A high-class chocolate box adds a strip of width x down across the front of the cookie box. Find the new volume V(x) and the x that maximizes it. Extra credit: Show that V_max is r... A high-class chocolate box adds a strip of width x down across the front of the cookie box. Find the new volume V(x) and the x that maximizes it. Extra credit: Show that V_max is reduced by more than 20%.
Understand the Problem
The question is asking to find the new volume function V(x) of a cookie box after adding a strip of width x, and also to determine the value of x that maximizes this volume. Additionally, there's a request for extra credit to show that the maximum volume is reduced by more than 20%.
Answer
New volume function: \( V(x) = (L - x) \times W \times H \); maximizer \( x = 0 \); reduction exceeds 20% for significant \( x \).
Answer for screen readers
The new volume function is ( V(x) = (L - x) \times W \times H ). The value of ( x ) that maximizes the volume is ( x = 0 ), meaning the maximum volume ( V_{\text{max}} = V_0 ). The reduction in volume exceeds 20% for sufficiently large ( x ).
Steps to Solve
- Define the Original Volume Function
Assume the original dimensions of the cookie box are length ( L ), width ( W ), and height ( H ).

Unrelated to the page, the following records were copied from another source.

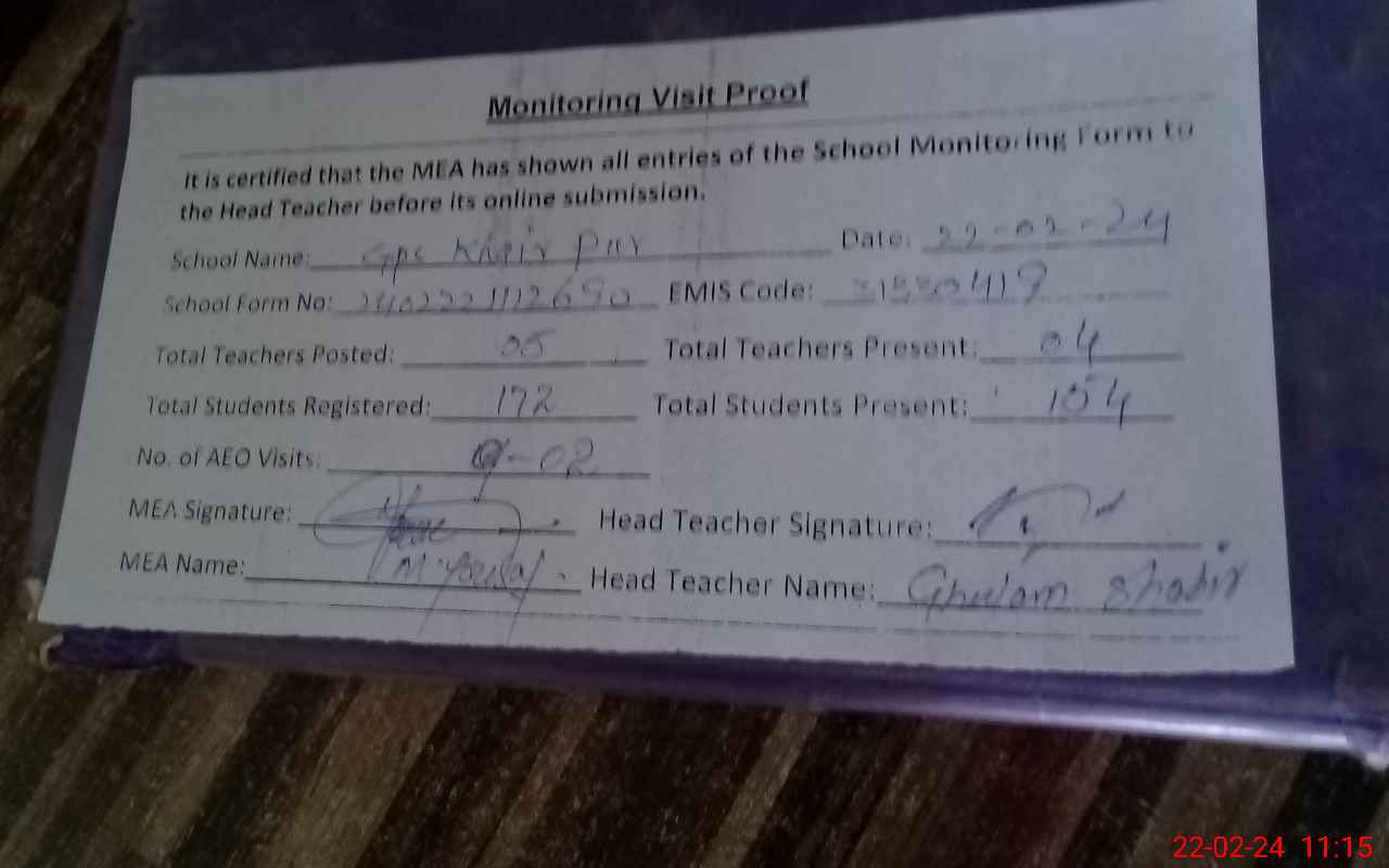 | EMIS Code: 31330419 | Name of School: GPS KHAIR PUR | |||
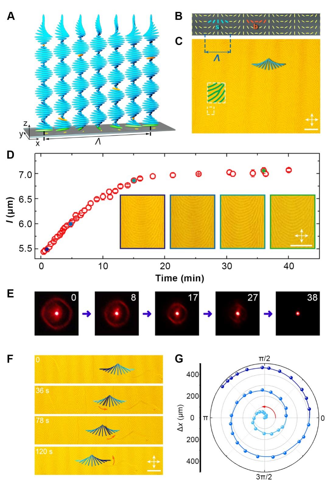 图 3. 弧形光栅织构的光驱动演变 (A) 图案化取向的螺旋超结构示意图,(B) 取向示意图,(C) 周期性拱形光栅织构,插图为刃型位错,(D) l与曝光时间的关系,(E) 衍射图案演变,(F) 弧形光栅织构的光驱动平移,(G) 水平位移Δx与解旋角度θ的关系。比例尺50 μm
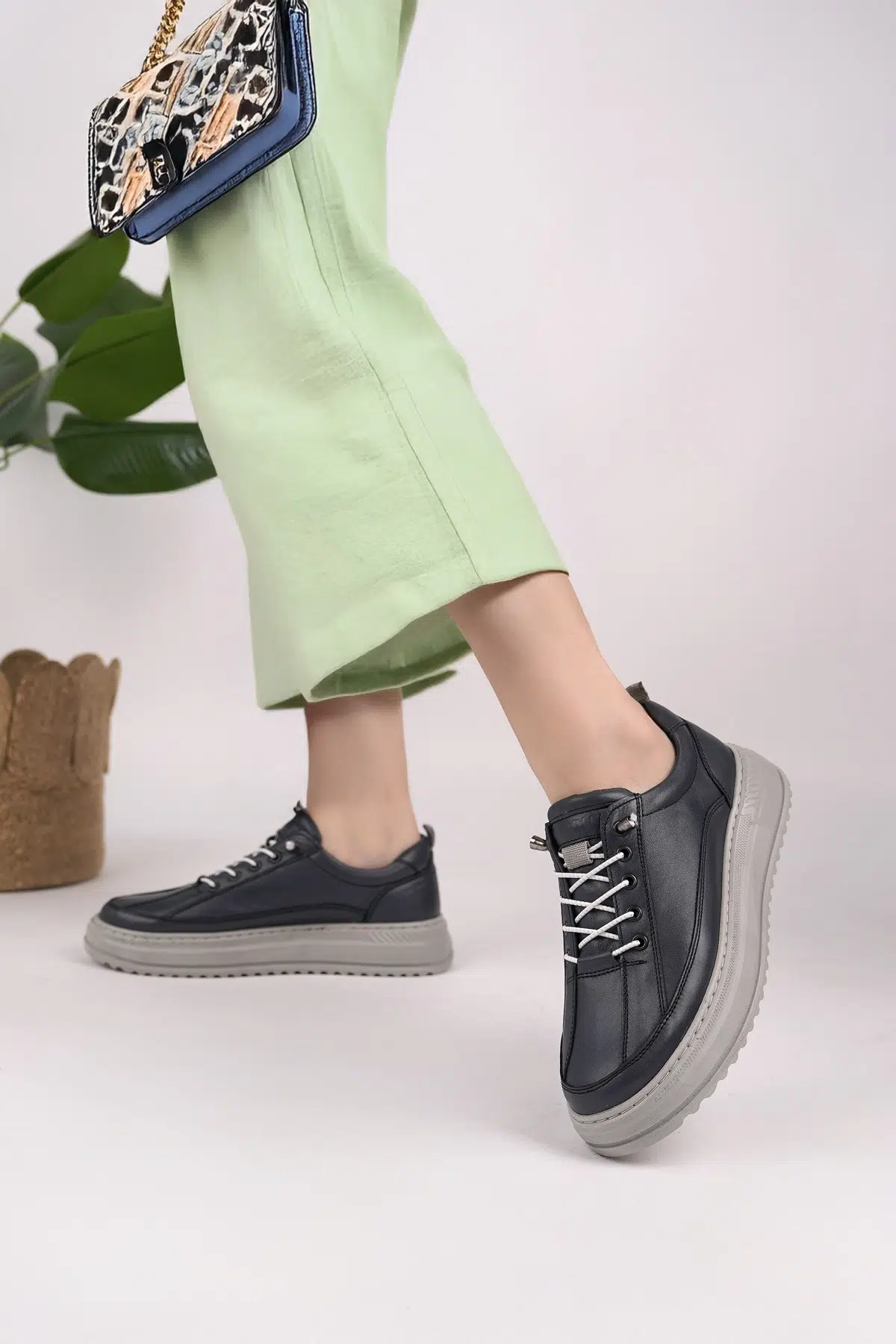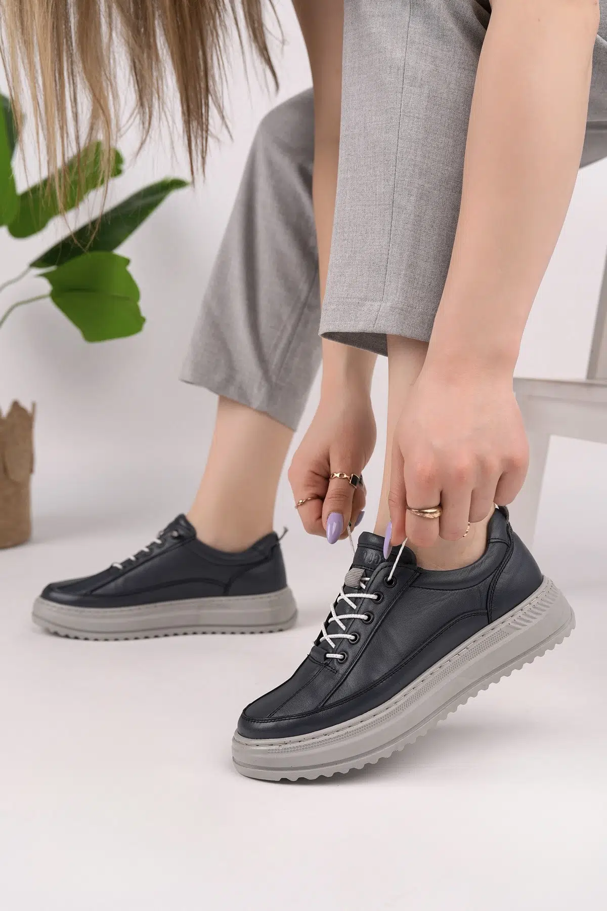 EtiketlerHakiki Deri Kadın Günlük Hafif Rahat Sneaker Ayakkabı DD1997

The original volume ( V_0 ) of the box is given by: $$ V_0 = L \times W \times H $$
- Determine the New Volume Function with Width x
When a strip of width ( x ) is added across the front, the new dimensions become:
- New length = ( L - x )
- Original width remains ( W )
- Original height remains ( H )
The new volume function ( V(x) ) will be: $$ V(x) = (L - x) \times W \times H $$
- Maximize the Volume Function
To find the value of ( x ) that maximizes ( V(x) ), we need to take the derivative ( V'(x) ) and set it to zero:
$$ V'(x) = -W \times H $$
Since the derivative is constant and negative, it implies that ( V(x) ) is a decreasing function. Thus, the maximum volume occurs at ( x = 0 ).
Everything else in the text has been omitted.